In terms of the Digital Humanities, I believe that the term “Machine Reading” is often misleading. The title implies that only a machine is reading the text and there is no human interaction. However, this is completely untrue. As Pierazzo mentions the process of selecting what you want to mark up within a text is an “interpretative act”. Thus, a human must choose which information within the text is essential to the reader.

Stylometry

Using such platforms as Lexos and TEI – oXygen, I have learned a multitude of new ways to approach analyzing my corpora. Platforms within the field of stylometry can be used to conduct macro-level and/or micro-level research. It is important to recognize the ability to use both Lexos and oXygen in tandem. In other words, you can perform both a distant reading with Lexos and a close reading with oXygen. Therefore, you can do differential analyses, synthesizing the various statistics and interpretations from each platform.

Lexos

Lexos is a great platform that has a myriad of options to clean and investigate your corpora. I was able to upload all of my documents to Lexos with no problems. Then, I had the opportunity to “scrub” my documents of stop words or any special characters. Fortunately, I had the stop word list from Jigsaw that I uploaded straight to Lexos. Then, I was able to visualize and analyze the data of my corpora. Under the visualize tab, there is WordCloud, MultiCloud, RollingWindow Graph, and BubbleViz. Some of the options are similar to other web sites, like Wordle. However, under the analyze tab, there is Statistics, Clustering – Hierarchical and K-means, Topword, etc. The most impressive and useful means to analyze my corpus was through the dendrogram and the zeta-test. Additionally, Lexos can cut and segment your texts into smaller documents by characters, words, or lines. This feature is helpful when using some DH platforms, like Jigsaw, that work better with smaller documents.

Investigating in Lexos

When skyping in with Dr. James O’Sullivan, I was able to learn of countless hermeneutical approaches using the features of Lexos and multi-faceted digital platforms. Stylometrics can produce, as Dr. O’Sullivan stated, “statistically significant” information, pending that the researcher is well-acquainted with his or her texts. Stylometrics supports critical interpretations and close readings. For example, Dr. O’Sullivan showed us the author attribution project used to detect J.K. Rowling’s anonymous books. The digital humanists used dendrograms, which measure texts in terms of similarities in vocabulary, to prove that a text must have been written by a certain author due to the overwhelming statistical evidence.

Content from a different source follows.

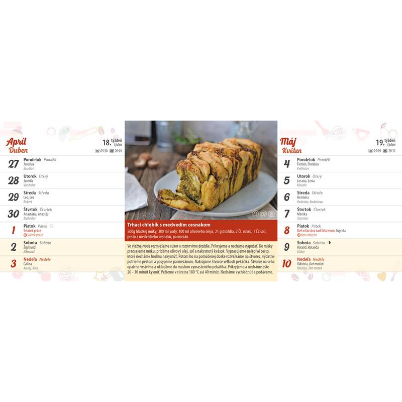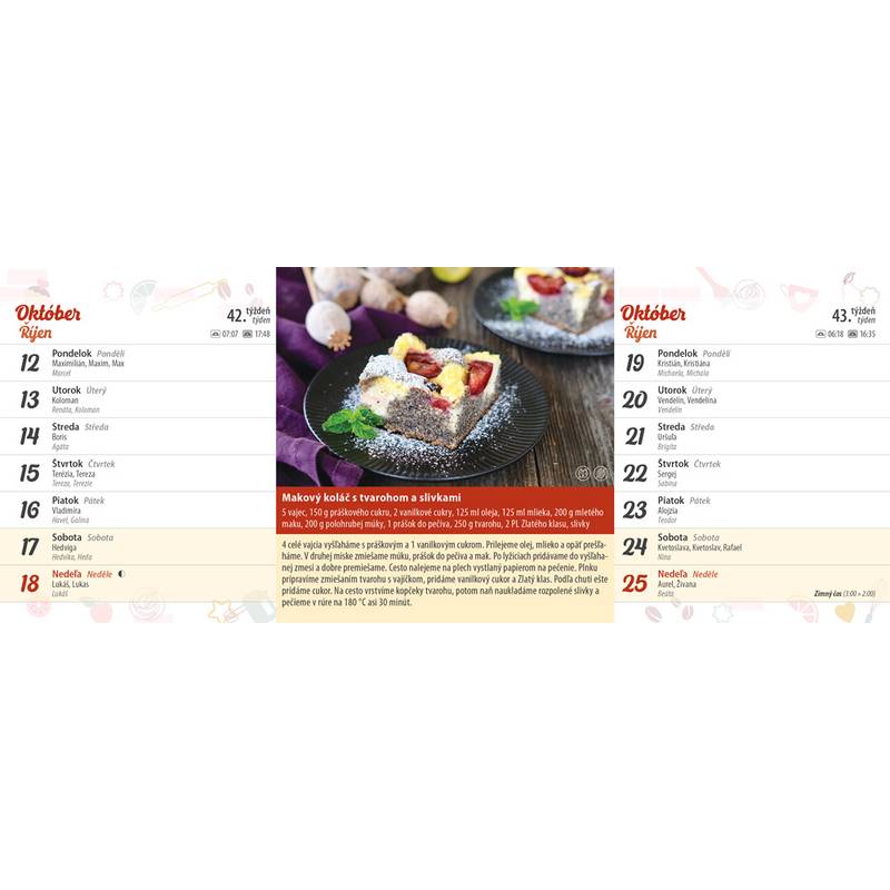 Za každým dobrým obedom by mal nasledovať dezert, hovoria naše staré mamy. Výber najlepších a nenáročných sladkých i slaných koláčikov vám ponúka dvojtýždňový stolový kalendár s receptami a informáciami pre alergikov. V riadkovom kalendári nájdete slovenské a české mená, sviatky oboch krajín a východy a západy Slnka.

In Lexos, I made many dendrograms that displayed particular peculiarities in my corpora. Screenshot (13)

Both dendrograms display texts that I have read in HUMN 150 that are considered post-Enlightenment period. Specifically these dendrograms interest me because there is much similarity in the vocabulary throughout all the post-Enlightenment texts, except Marx, Kant, and Kleist. For example, when we read Frederick Douglass’s narrative, there are specific passages that contain lexicon reminiscent of Shelley’s Creature in Frankenstein. Moreover, Shelley and Douglass are shown to have similar vocabulary in both dendrograms. Even more so, Darwin’s On Origin of Species and The Descent of Man are paired together; this example supports the claim that stylometry produces “statistically significant” information.
Screenshot (12)

However, I was not completely satisfied with the results from my dendrogram. I wanted to create a zeta test which produced the distinctive words in each text based on the 100 MFW (most frequent words). Screenshot (14)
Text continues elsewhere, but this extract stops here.